▸ **Problem statement**
Could you retype all of the entries exactly, without their pictures?

Task material Start Marker

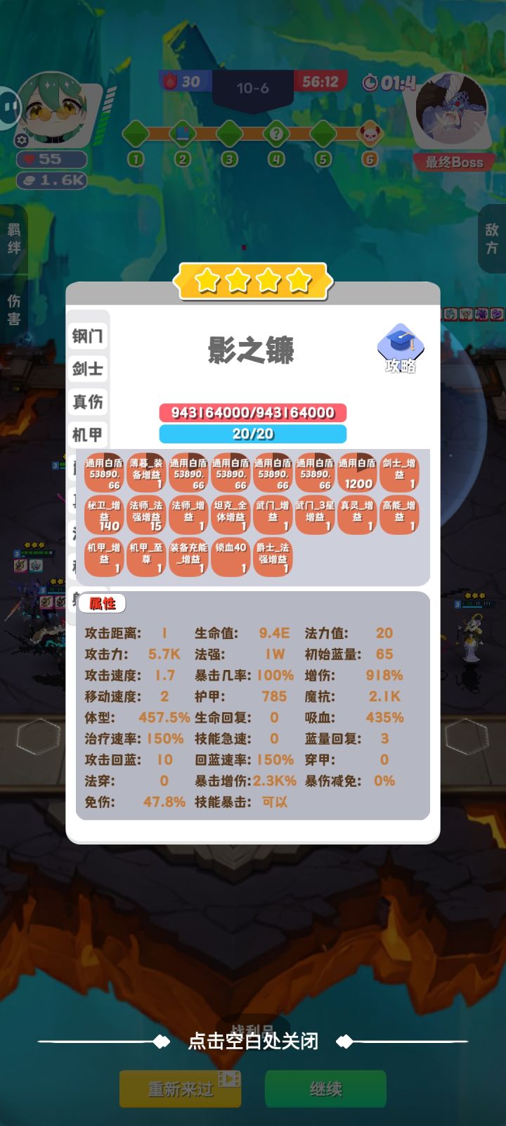 花了昨天一天加今天早上到中午吃完饭的摸鱼时间打的一把爬塔4星大大大大大大虫子+4星超模姐+4星影镰+4星蛄蛹者#再钢一把 #无限装备爬塔
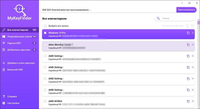 Ключи продукта могут храниться в разных местах и даже могут быть доступны несколько раз. MyKeyFinder фильтрует и удаляет все недействительные ключи и все повторяющиеся записи, так что вам не нужно об этом беспокоиться.
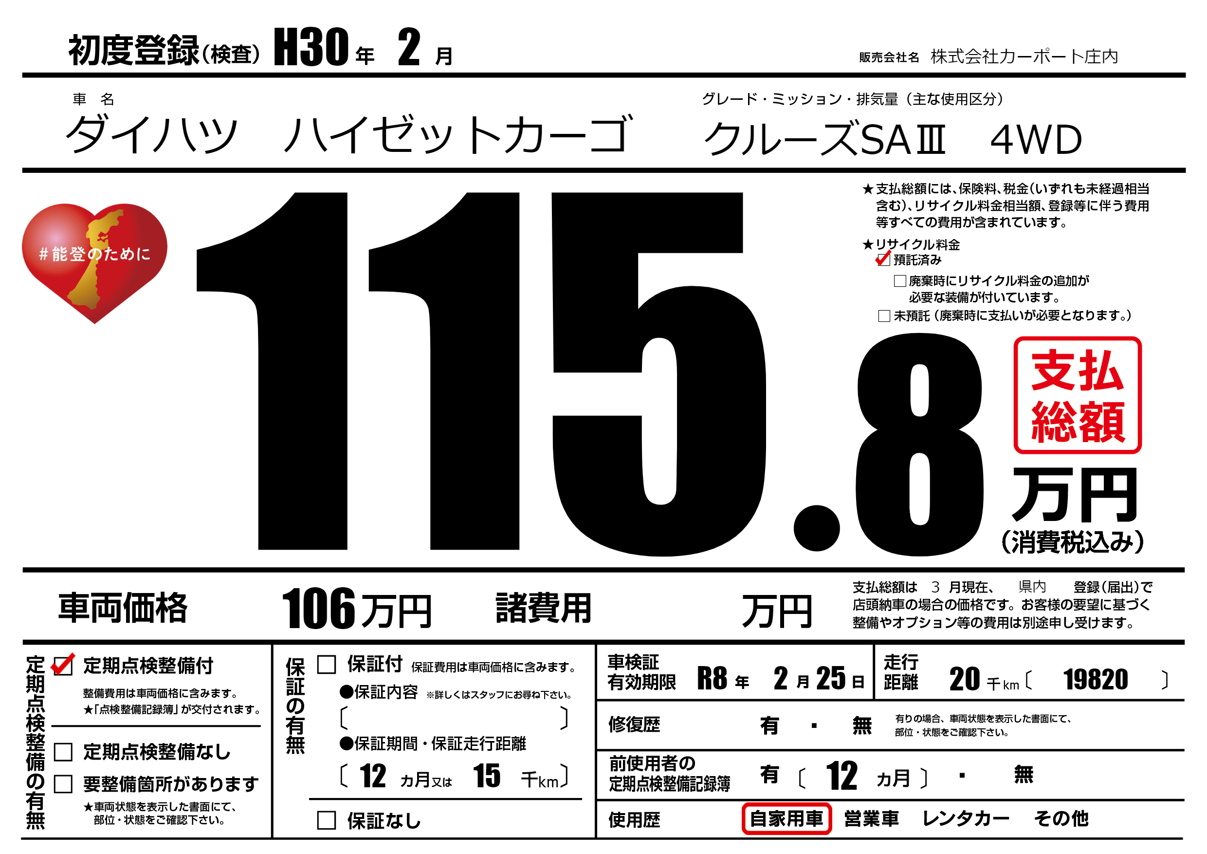 | 車名 | ダイハツ ハイゼットカーゴ | グレード ミッション 排気量 |
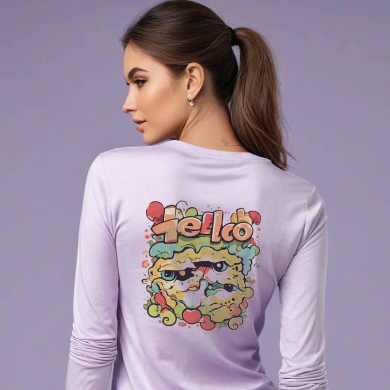 Cool Hello Design – Women’s Full Sleeve T-Shirt in Lavender Cotton
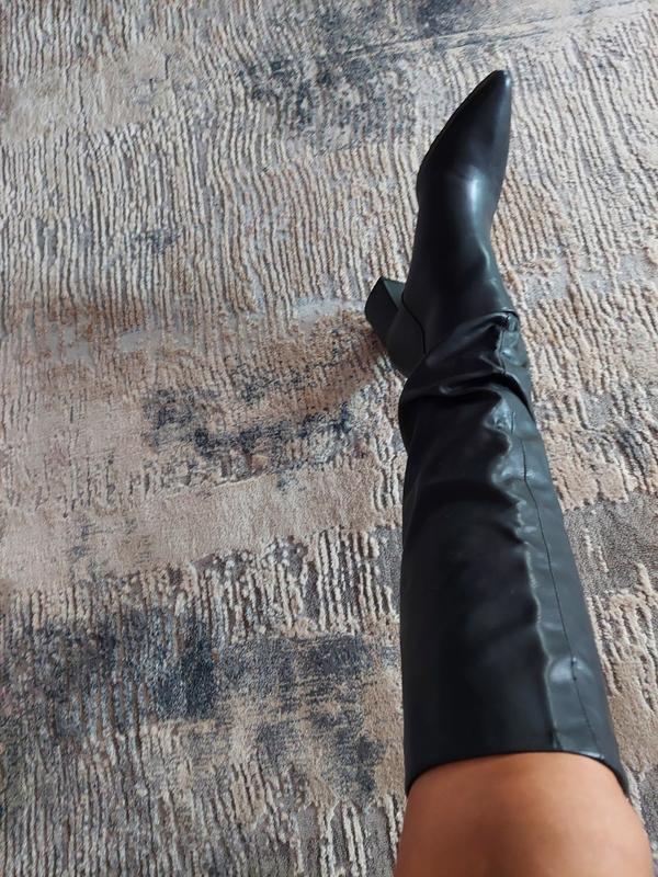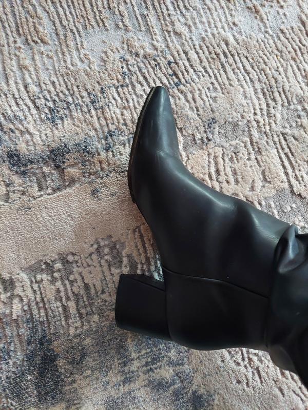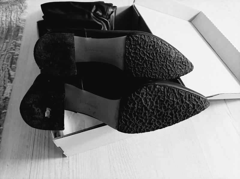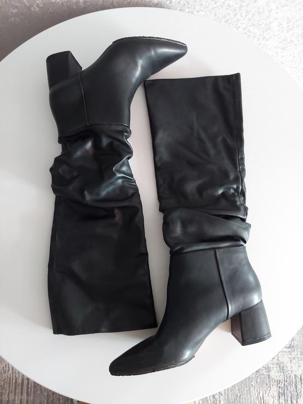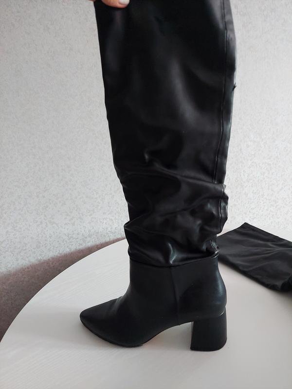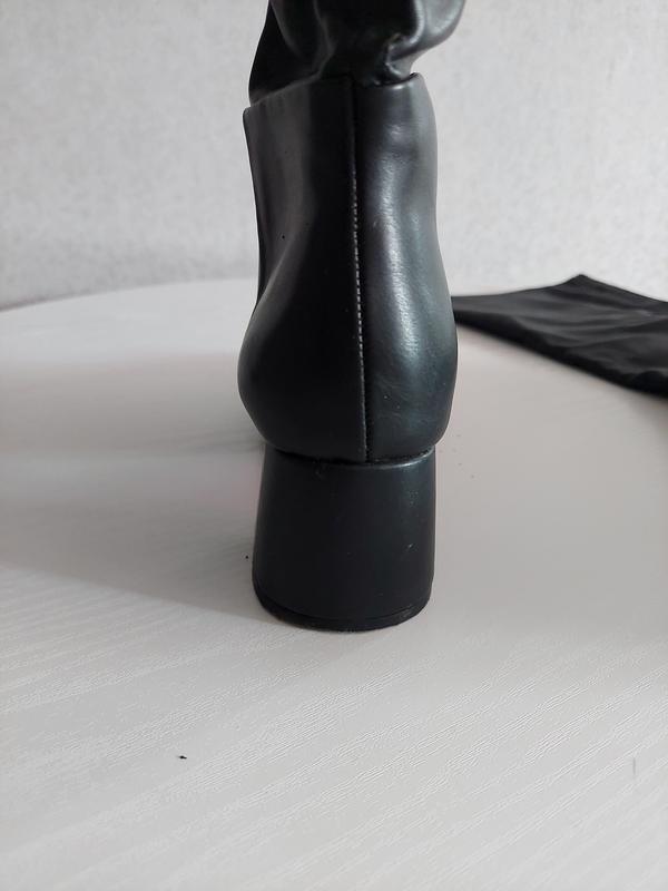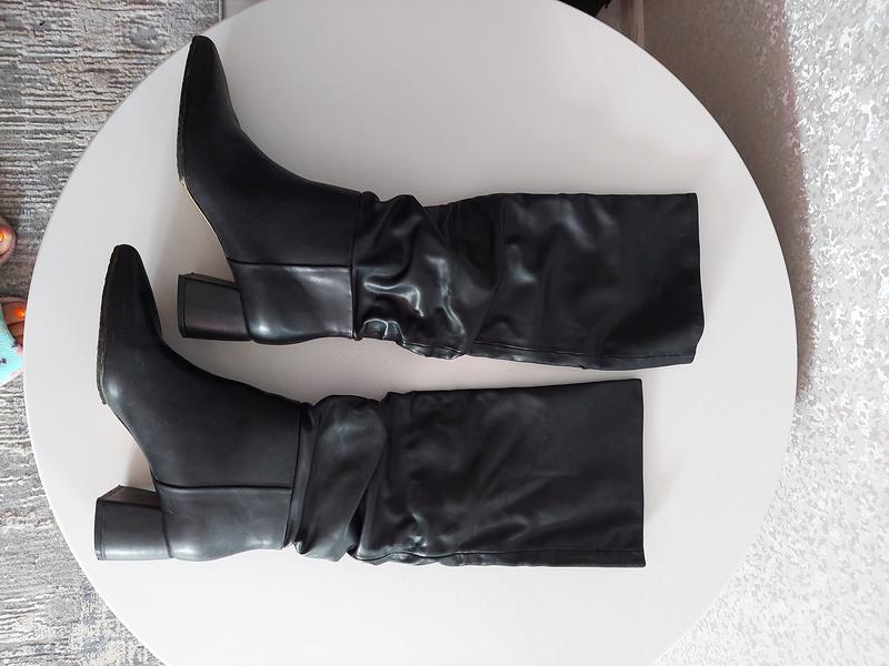 Чоботи осінні!38розмір.По стельці 24-25см,бо видовжений носочок!!.В доброму стані!!Низ шкіра,верх панчошка замінник.!!Каьлук 5 см!!

Task material End Marker

▸ **Response to the exercise**
 花了昨天一天加今天早上到中午吃完饭的摸鱼时间打的一把爬塔4星大大大大大大虫子+4星超模姐+4星影镰+4星蛄蛹者#再钢一把 #无限装备爬塔
 Ключи продукта могут храниться в разных местах и даже могут быть доступны несколько раз. MyKeyFinder фильтрует и удаляет все недействительные ключи и все повторяющиеся записи, так что вам не нужно об этом беспокоиться.
 | 車名 | ダイハツ ハイゼットカーゴ | グレード ミッション 排気量 |
 Cool Hello Design – Women’s Full Sleeve T-Shirt in Lavender Cotton
 Чоботи осінні!38розмір.По стельці 24-25см,бо видовжений носочок!!.В доброму стані!!Низ шкіра,верх панчошка замінник.!!Каьлук 5 см!!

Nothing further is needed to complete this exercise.